The stated aim of the FSYA is deceptively simple: To provide the highest-quality crew to the world’s most prestigious yachts. Most courses, which are available to both individuals and larger crews, are held at the academy’s five main branches in Southern England, though many are also conducted onboard private yachts. Basic offerings range from high-voltage current awareness to global maritime distress certification, and most classes are three to eight days long.

All FSYA instructors have extensive experience in the maritime sector. McClement, for example, spent some 35 years in the Royal Navy, during which time he held several senior posts. He also mentioned one FSYA instructor who regularly trains students in hospitality and who certainly knows what he’s doing: He once served the Queen of England.

It seems that all FSYA instructors also share McClement’s self-proclaimed “passion for training.” Indeed, I spoke with Benetti Yachts aftersales services manager, Alessandro Gallifuoco—one of five members from the company who recently completed a demanding FSYA course. Though Gallifuoco extolled the many virtues of the FSYA program, he said he was “most impressed by the competence, dedication, and professionalism of the personnel.”

To understand what really makes the program tick, however, one must look beyond its superb staff. The FSYA approaches teaching in a way that is, at least in the realm of crew training, rather unique. We’re all, no doubt, familiar with the old proverb about the superiority of teaching men to fish rather than simply giving them a fish. So we’ve all, no doubt, learned that teaching, not giving, is the way to go. The governing ethos of the FSYA takes that maxim and pushes it one step further: Not only does it teach its students to “fish”—er, crew, the FSYA teaches them how to teach others, too. It is this concept of collective training—McClement’s assertion that the school “helps captains train their own crews”—that sets the FSYA apart.
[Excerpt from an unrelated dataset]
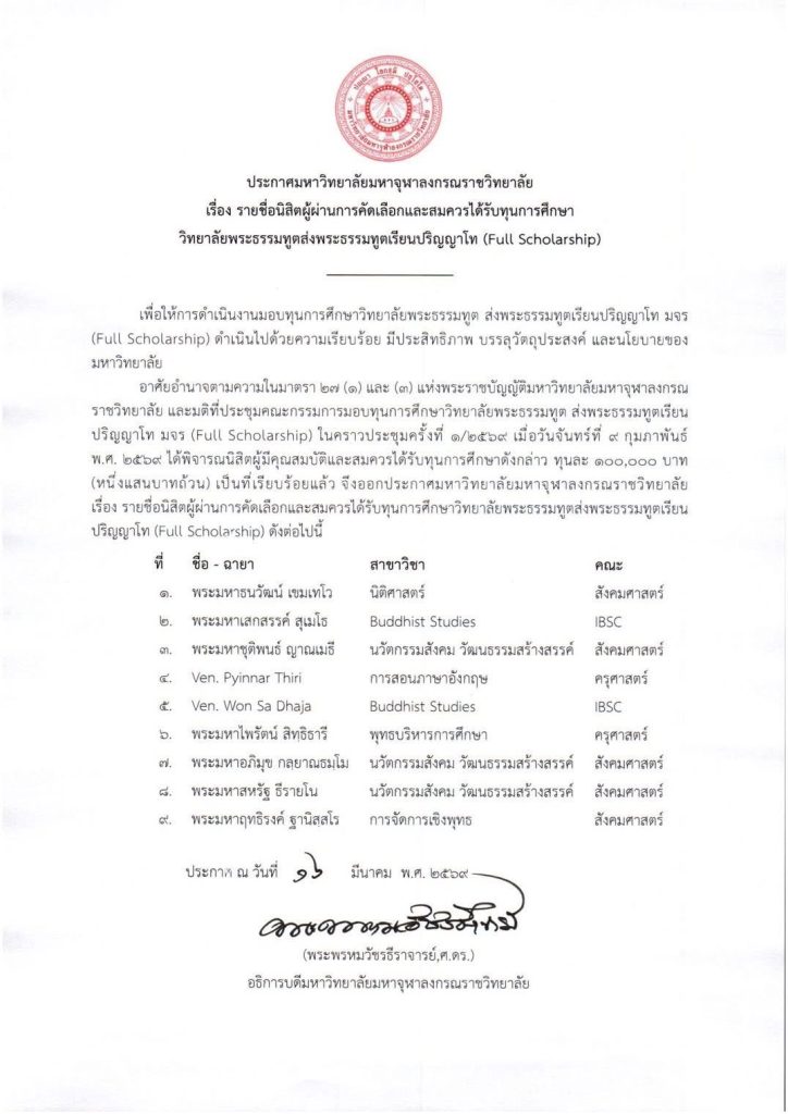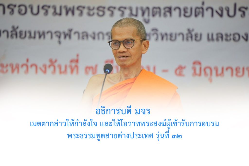 วันจันทร์ที่ ๑๖ มีนาคม พ.ศ.๒๕๖๙ เวลา ๑๓.๓๐ น. พระพรหมวัชรธีราจารย์ อธิการบดีมหาวิทยาลัยมหาจุฬาลงกรณราชวิทยาลัย รองประธานสำนักงานกำกับดูแลพระธรรมทูตสายต่างประเทศ เมตตากล่าวให้กำลังใจ แก่ คณะผู้บริหาร คณาจารย์ เจ้าหน้าที่ วิทยาลัยพระธรรมทูต กองวิเทศสัมพันธ์ และศูนย์อินเดียศึกษา และ ให้โอวาทพระสงฆ์ผู้เข้ารับการอบรมพระธรรมทูตสายต่างประเทศ รุ่นที่ ๓๒ ณ ห้องประชุมเธียเตอร์โซนบี อาคารเรียนรวม มจร พระนครศรีอยุธยา การนี้ พระครูสุตรัตนบัณฑิต ผู้อำนวยการวิทยาลัยพระธรรมทูต เลขานุการคณะกรรมการดำเนินงานโครงการอบรมพระธรรมทูตสายต่างประเทศ กล่าวถวายรายงาน จากนั้น พระเดชพระคุณองค์อธิการบดี เมตตากล่าวให้โอวาท กำลังใจและปาฐกถาพิเศษ ในนามคณะผู้บริหาร คณาจารย์ เจ้าหน้าที่ วิทยาลัยพระธรรมทูต กองวิเทศสัมพันธ์ และศูนย์อินเดียศึกษา พร้อมด้วยพระสงฆ์ผู้เข้ารับการอบรมพระธรรมทูตสายต่างประเทศ รุ่นที่ ๓๒ ขอกราบขอบพระคุณ พระเดชพระคุณองค์อธิการบดี ที่เมตตา ด้วยความเคารพ มา ณ โอกาสนี้ ฯ

And it is this concept that informs both the content and the structure of the academy’s signature STEP program.

STEP stands for “Safety,” “Training,” and “Emergency Procedures.” It is typically a ten-day class aimed at an entire crew and usually consists of three main parts (though courses can be modified to a crew’s schedule and location). First, a course in safety and operating procedures is given to a yacht’s captain and a handful of senior level crew members. Topics covered include damage repair, firefighting, sea survival, and standardized operator checks. Many of these lessons are conducted in state-of-the-art training facilities such as the Portsmouth Fire School, where eight computer-controlled units configured as vessels with engine rooms, galleys, and passageways are filled with heat and smoke. Students not only learn how to extinguish fires, they learn how to assist angry and frightened guests because, as McClement told me, “we give them angry and frightened guests.” Other lessons are conducted in the Royal Navy’s multimillion-pound Damage Repair Instruction Unit, a sinking ship simulator in which students must contend with gallons of rushing water and a rolling environment. Once they’ve completed their rigorous initial training, senior crew members go back and explain the methods they’ve learned to the rest of the staff. When that’s completed, the entire crew goes onboard their yacht to practice everything together.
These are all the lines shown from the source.